**Exercise brief:** Nothing but the lines from the one with "The final assembly should look like this →" through the end of the material should be retyped, word for word and without pictures.

**Task input:**
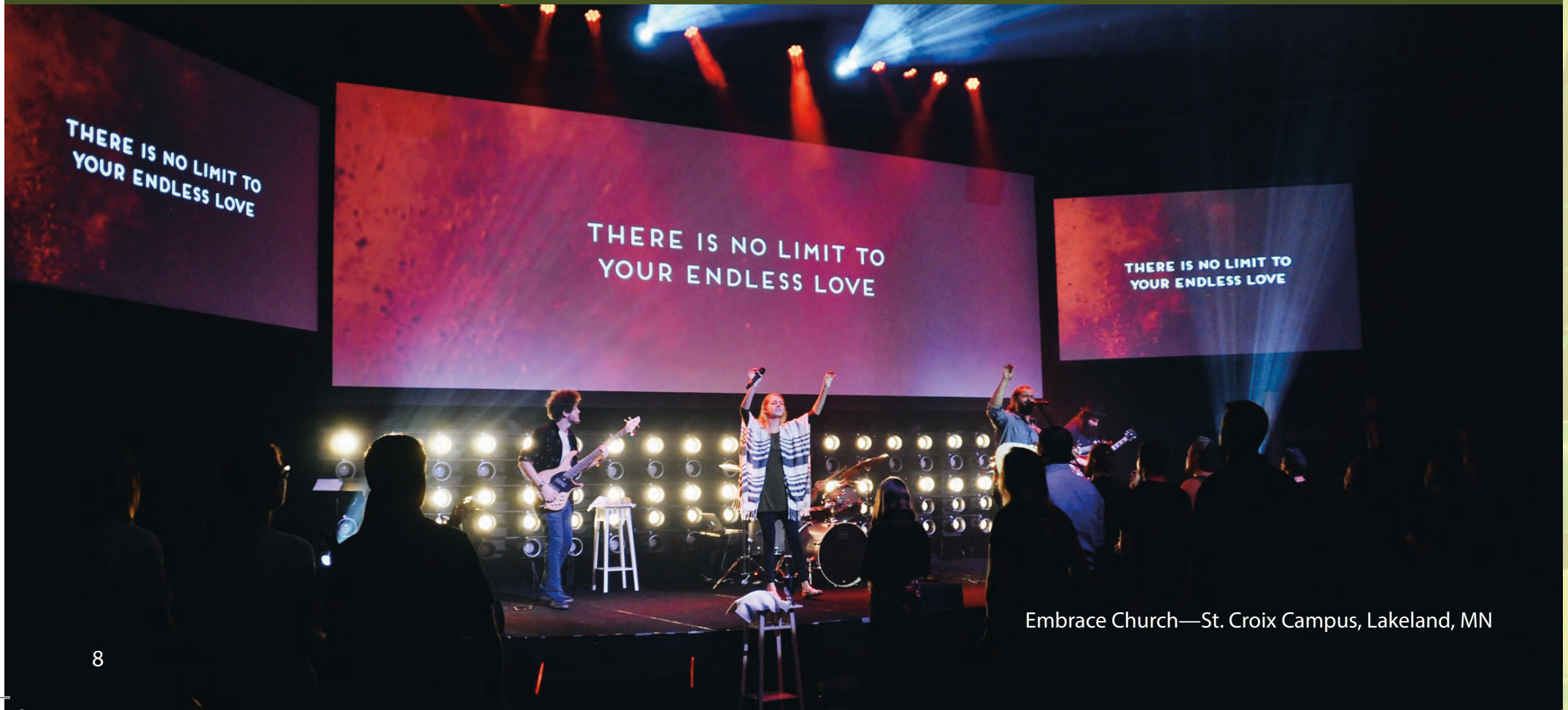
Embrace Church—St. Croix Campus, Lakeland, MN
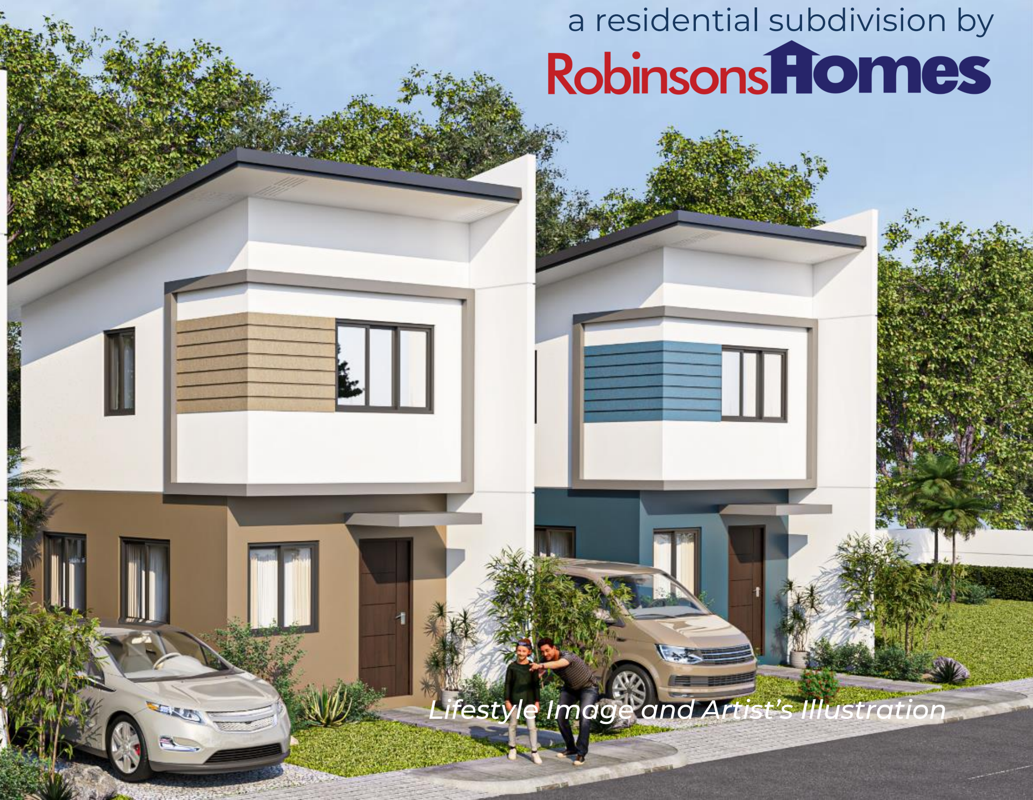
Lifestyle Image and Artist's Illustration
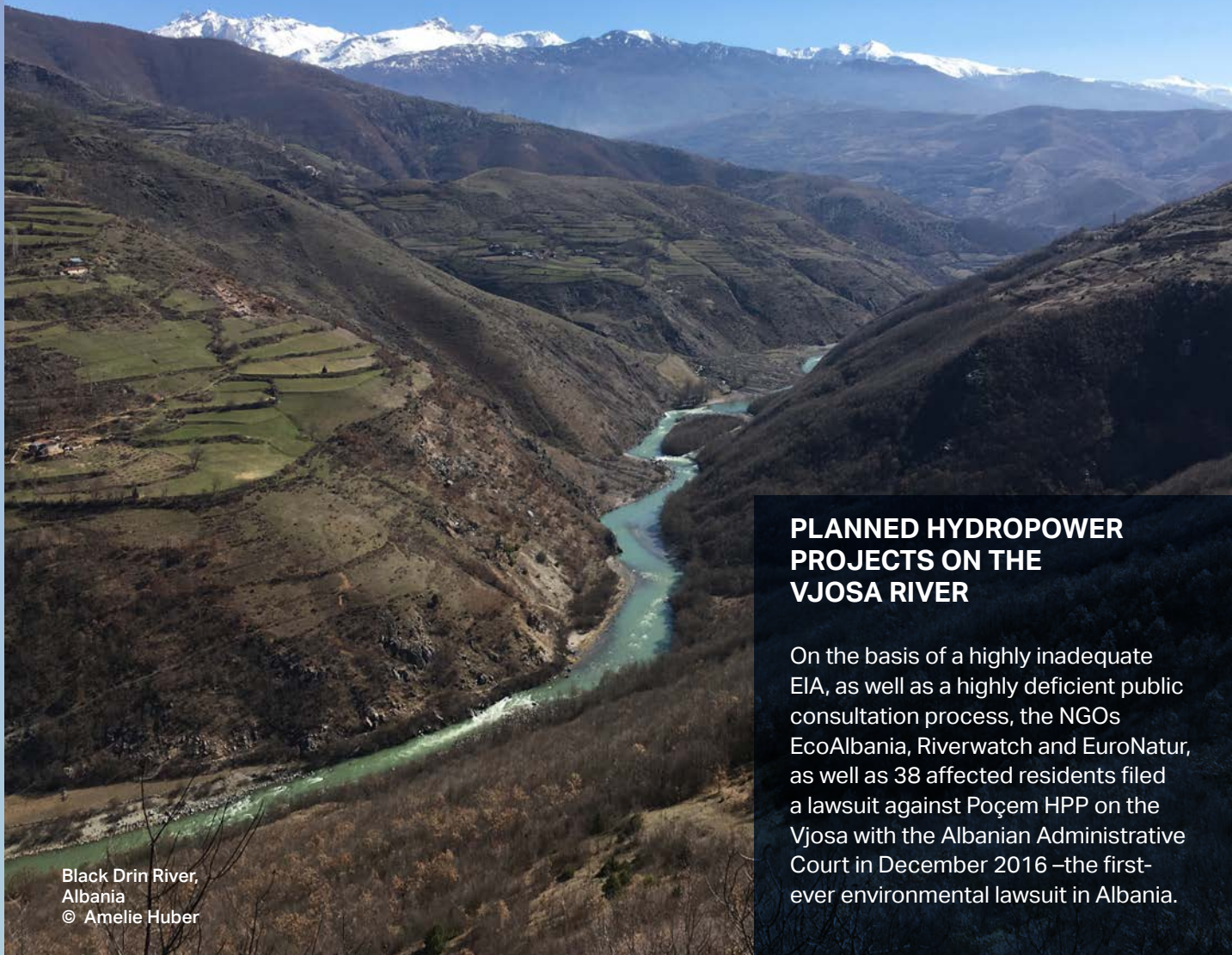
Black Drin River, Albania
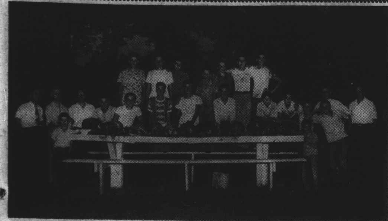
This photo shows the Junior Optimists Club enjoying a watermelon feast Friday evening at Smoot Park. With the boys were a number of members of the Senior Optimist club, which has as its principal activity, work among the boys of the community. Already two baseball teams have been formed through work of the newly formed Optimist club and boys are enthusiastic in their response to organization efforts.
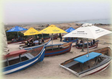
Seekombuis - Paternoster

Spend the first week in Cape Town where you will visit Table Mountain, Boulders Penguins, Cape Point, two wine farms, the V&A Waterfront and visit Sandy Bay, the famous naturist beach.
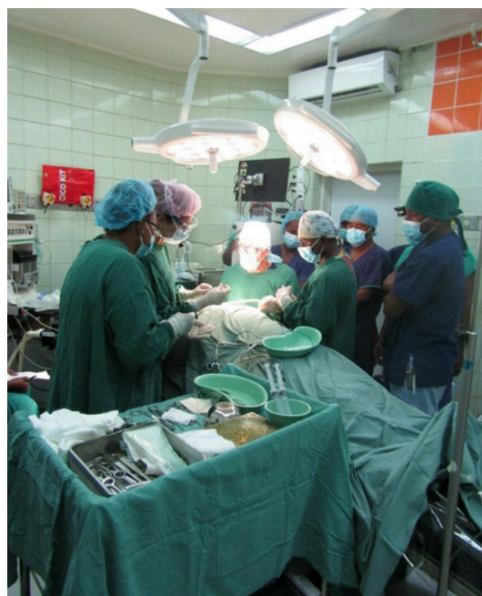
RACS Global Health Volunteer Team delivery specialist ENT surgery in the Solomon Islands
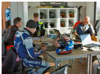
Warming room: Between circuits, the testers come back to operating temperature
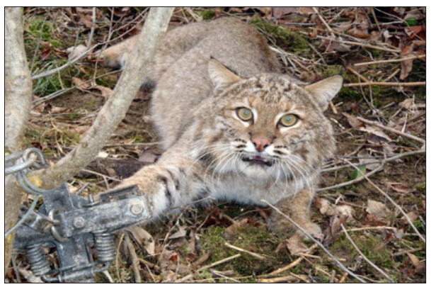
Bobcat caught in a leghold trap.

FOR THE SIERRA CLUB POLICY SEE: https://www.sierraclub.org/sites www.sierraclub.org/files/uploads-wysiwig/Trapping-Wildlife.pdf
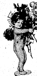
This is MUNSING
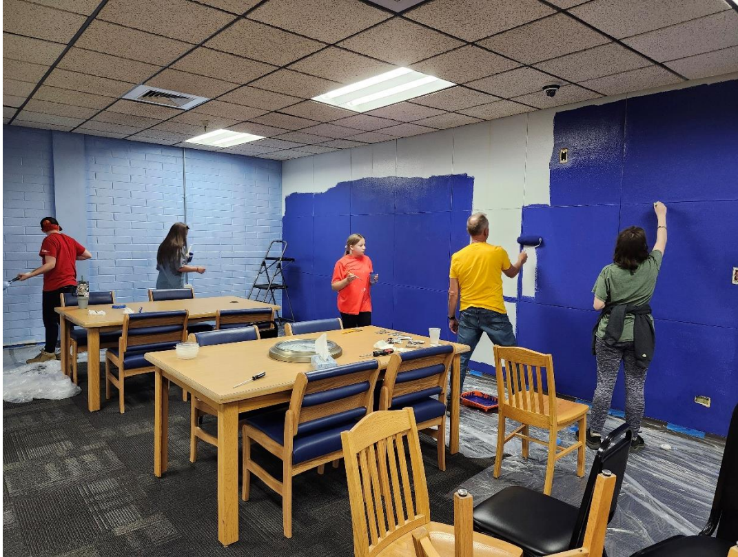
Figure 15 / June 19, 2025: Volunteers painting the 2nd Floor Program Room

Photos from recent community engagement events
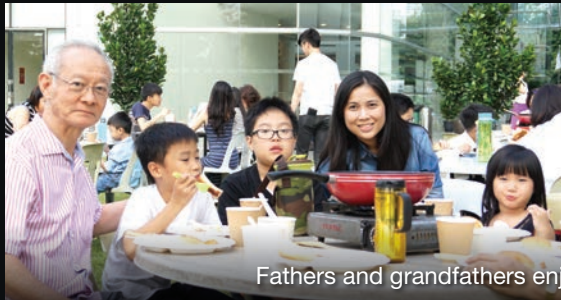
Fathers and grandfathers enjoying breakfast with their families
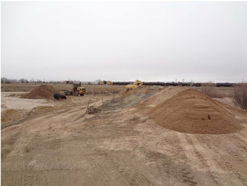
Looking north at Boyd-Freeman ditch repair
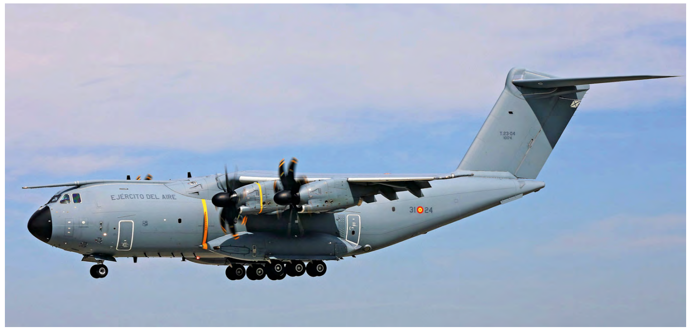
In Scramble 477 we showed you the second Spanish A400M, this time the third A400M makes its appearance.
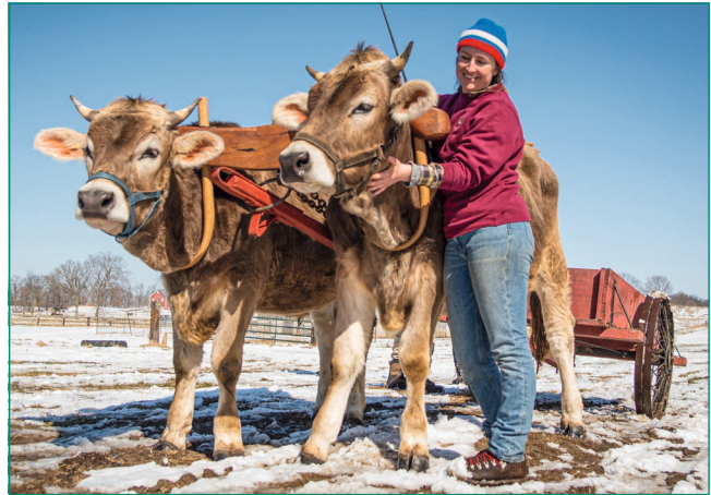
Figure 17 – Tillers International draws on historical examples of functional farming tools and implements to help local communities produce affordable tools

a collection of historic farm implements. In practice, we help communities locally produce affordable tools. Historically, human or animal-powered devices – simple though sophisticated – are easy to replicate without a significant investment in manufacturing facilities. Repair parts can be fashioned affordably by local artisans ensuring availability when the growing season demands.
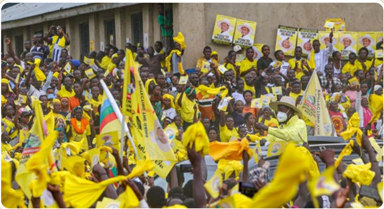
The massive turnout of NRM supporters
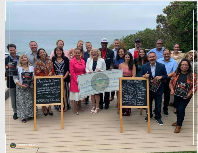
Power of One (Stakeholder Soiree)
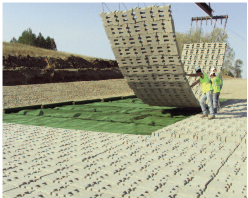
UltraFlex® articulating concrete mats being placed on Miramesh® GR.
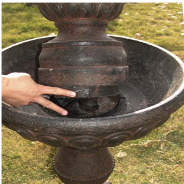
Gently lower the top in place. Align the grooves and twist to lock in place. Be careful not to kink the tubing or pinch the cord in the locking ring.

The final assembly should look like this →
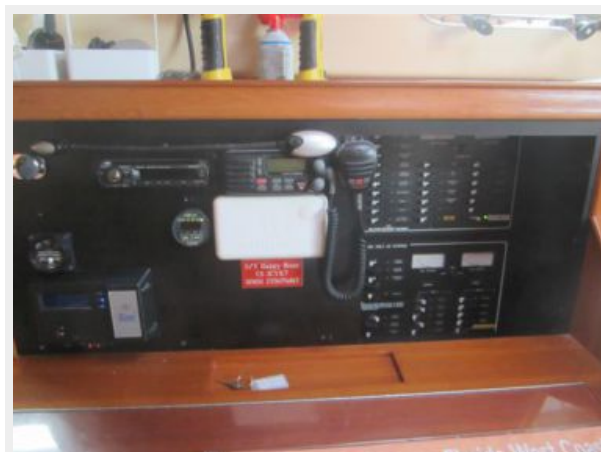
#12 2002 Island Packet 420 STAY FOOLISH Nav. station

**Response for this exercise:**
The final assembly should look like this →
#12 2002 Island Packet 420 STAY FOOLISH Nav. station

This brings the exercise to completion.